The wrong track: How papillomaviruses trick the immune system

Date:
August 4, 2020
Source:
German Cancer Research Center (Deutsches Krebsforschungszentrum,
DKFZ)
Summary:
Specific antibodies protect us against viral infections - or do they
not? Researchers studied the immune response to papillomaviruses
in mice and discovered a hitherto unknown mechanism by which
the pathogens outwit the immune system: At the beginning of the
infection cycle, they produce a longer version of a protein that
surrounds the viral genome. The body produces antibodies against
this protein, but they are not effective in fighting the pathogen.



FULL STORY ========================================================================== Specific antibodies protect us against viral infections -- or do they not? Researchers at the German Cancer Research Center (DKFZ) studied the
immune response to papillomaviruses in mice and discovered a hitherto
unknown mechanism by which the pathogens outwit the immune system: At
the beginning of the infection cycle, they produce a longer version of
a protein that surrounds the viral genome. The body produces antibodies
against this protein, but they are not effective in fighting the pathogen.


==========================================================================
The human immune system has a wide variety of defense strategies to
protect the body against pathogens, one of which involves producing
antibodies to fight viruses and bacteria. Over time, however, these
pathogens have developed elaborate ways of escaping the immune system.
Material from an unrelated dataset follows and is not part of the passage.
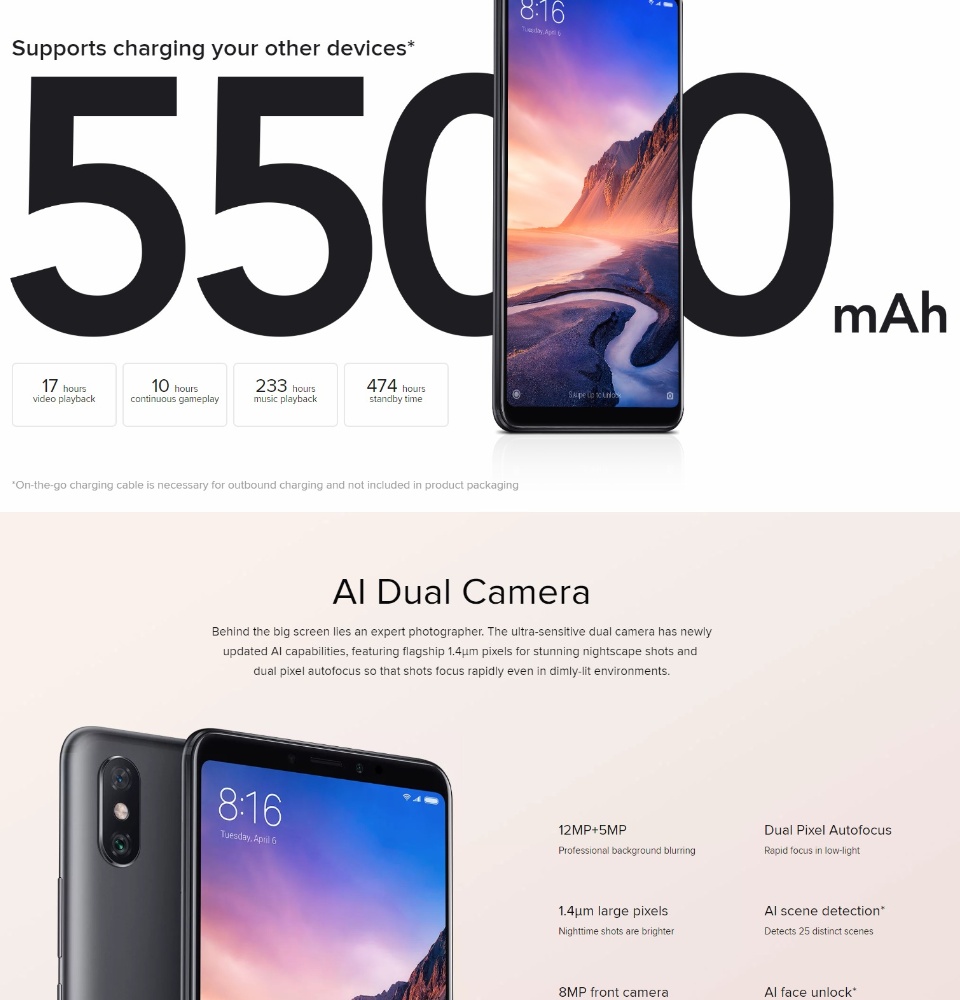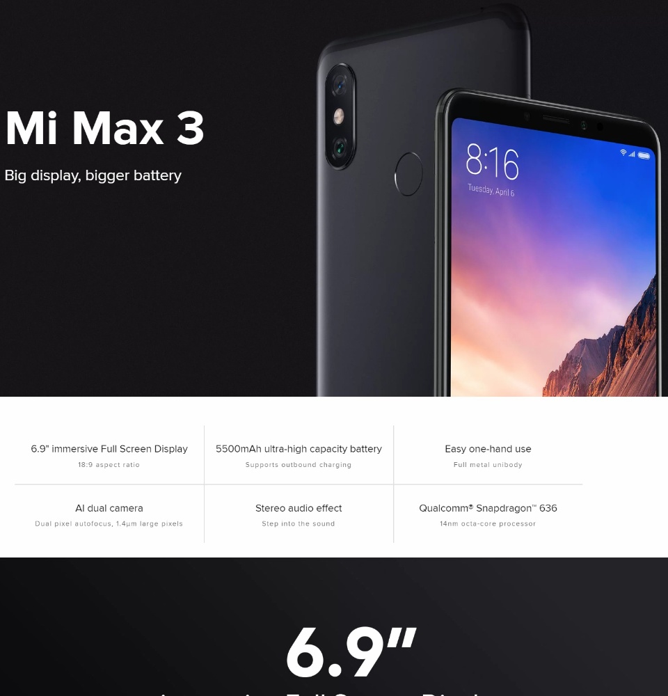 Xiaomi Mi Max 3 // 64GB ROM 4GB RAM / 6.9inches / 5500mAh Battery / AI face unlock / Export set (SG WARRANTY)

Scientists are already aware of some of these strategies. In human papillomaviruses (HPV), however, up until now they have only known about
such strategies in innate, already present immunity and not in adaptive immunity, which does not develop until pathogens enter the body and is associated with the production of antibodies.

Frank Ro"sl and his co-workers from DKFZ under the supervision of
Daniel Hasche have now discovered a new mechanism by which cutaneous papillomaviruses (specific to the skin) trick the immune system.

Certain cutaneous HPV, such as HPV5 and HPV8, occur as natural infections
on the skin. They are not sexually transmitted, but are passed on from the mother to the newborn child. Thus, family members are usually colonized
with the same HPV types. An infection normally goes unnoticed, because
the body is able to overcome it. Depending on the individual status of
a person's immune system, their genetic predisposition, age, and other
external factors such as UV radiation, however, certain cutaneous HPV
types are able to stimulate cell division in their host cells. This
leads to skin changes and in rare cases to development of a squamous
cell carcinoma, also known as fair-skin cancer.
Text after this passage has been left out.